An interdisciplinary collaborative effort…
Clearly, all this can only be achieved as part of a close collaborative effort with biologists, clinicians, computer scientists and epidemiologists. This interdisciplinarity creates a virtuous self-feeding circle, which opens new avenues for understanding biology, but also pushes forward innovation in other basic and applied science disciplines, towards tangible benefits for our societies. Quite exciting.
- L. Strausberg. Talkin’ Omics. Disease Markers, 17:39, 2001.
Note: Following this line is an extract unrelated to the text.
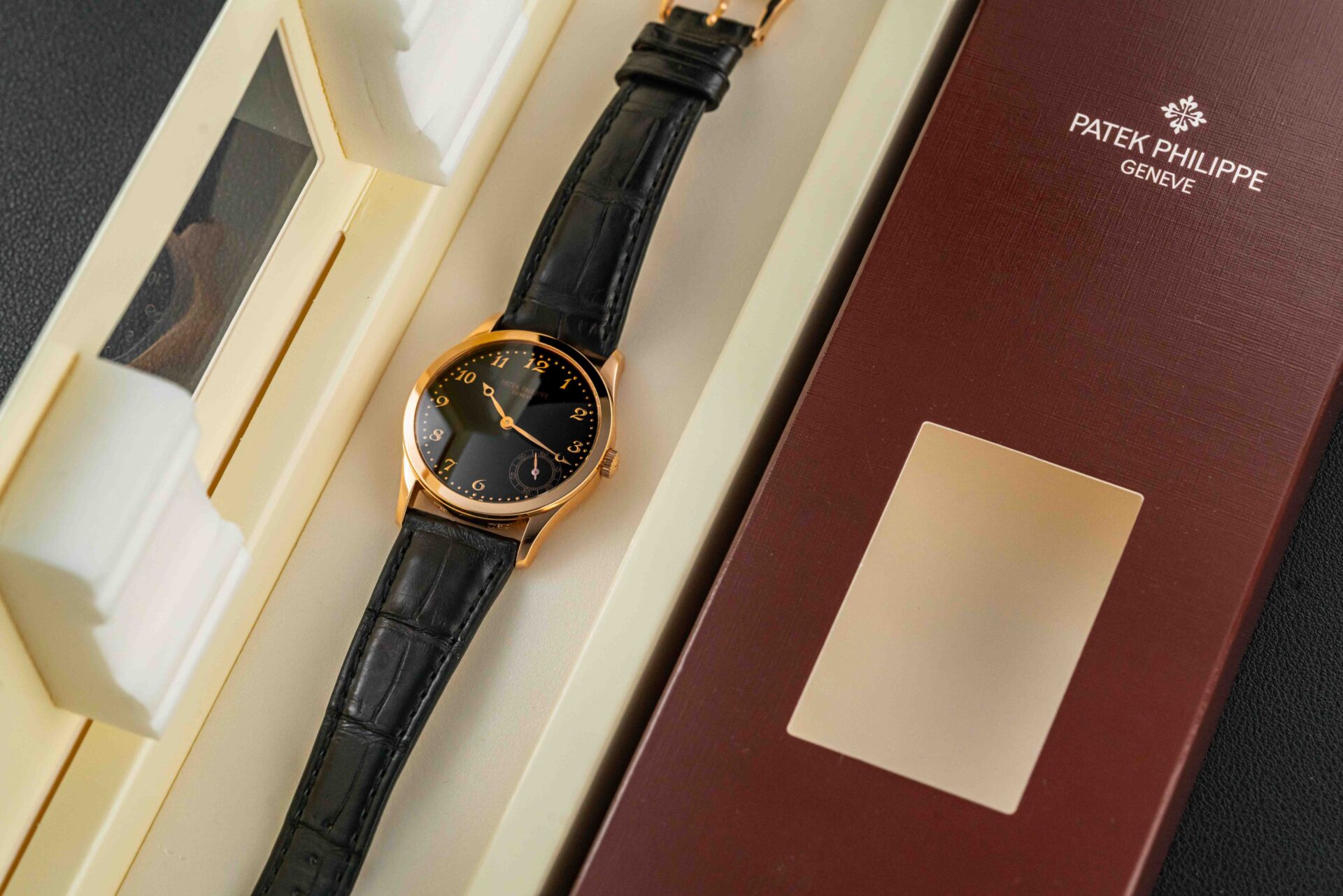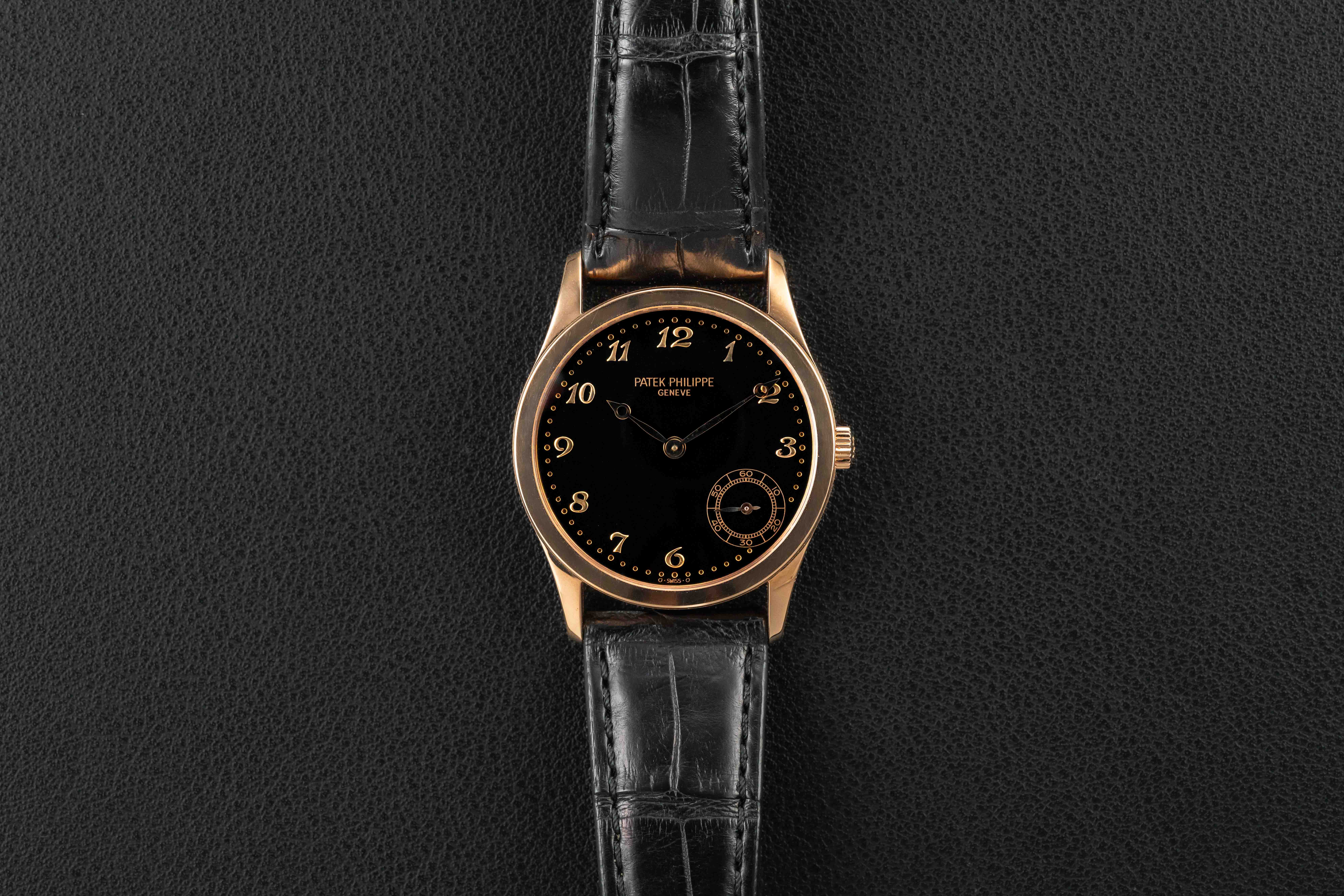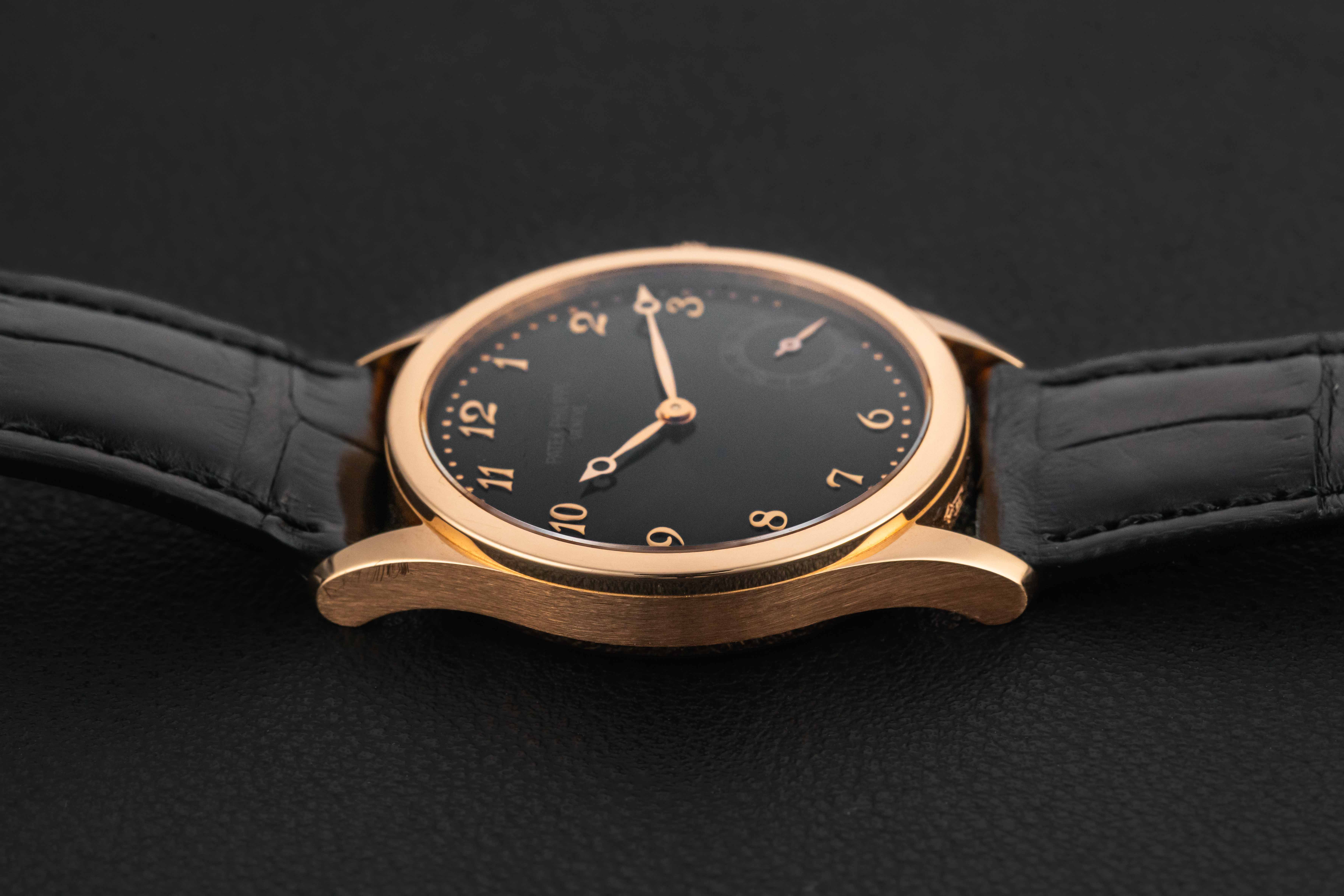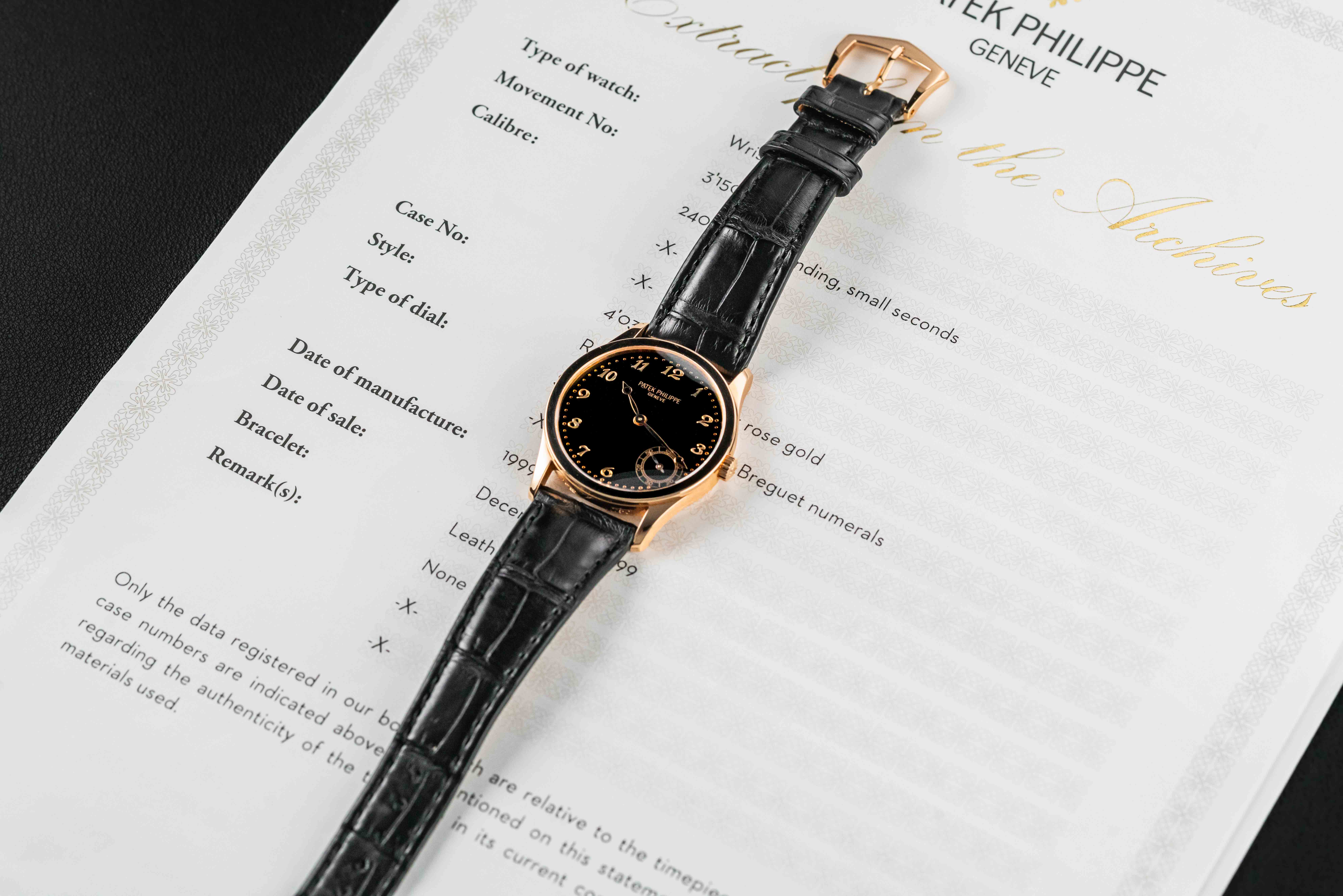 Up for grabs is a lovely Patek Philippe Calatrava, given the reference 5026, produced in 18kt rose gold. The reference 5026 comes in 34mm and began production around 1997 until 2002; this watch features Breguet-style numerals and hands alongside a striking black dial. The watch itself remains in superb condition, remaining unpolished with strong hallmarks. Further, the watch remains with its original Patek Philippe rose gold tang buckle. This particular example comes with an Extract from the Archives of Patek Philippe, confirming production of the watch in 1999.

- Welter, J. MacArthur, J. Morales, T. Burdett, P. Hall, H. Junkins, A. Klemm, P. Flicek, T. Manolio, and L. Hindorff. The NHGRI GWAS Catalog, a curated resource of SNP-trait associations. Nucleic Acids Research, 42:D1001–D1006, 2014.
Selected papers by Hélène Ruffieux
- H. Ruffieux, A. C. Davison, J. Hager, J. Inshaw, B. Fairfax, S. Richardson, and L. Bottolo. (2020) A global-local approach for detecting hotspots in multiple response regression, The Annals of Applied Statistics, In Press
- Ruffieux, J. Carayol, R. Popescu, M. E. Harper, R. Dent, W. H. M. Saris, A. Astrup, A. C. Davison, J. Hager, and A. Valsesia. (2020) A fully joint Bayesian quantitative trait locus mapping of human protein abundance in plasma, PLOS Computational Biology,16, e1007882
- H. Ruffieux, A. C. Davison, J. Hager, and I. Irincheeva. (2017) Efficient inference for genetic association studies with multiple outcomes, Biostatistics 18: 618–636
¹ It has been the case for a number of other diseases, see, e.g., the GWAS Catalog resource (Welter et al., 2014).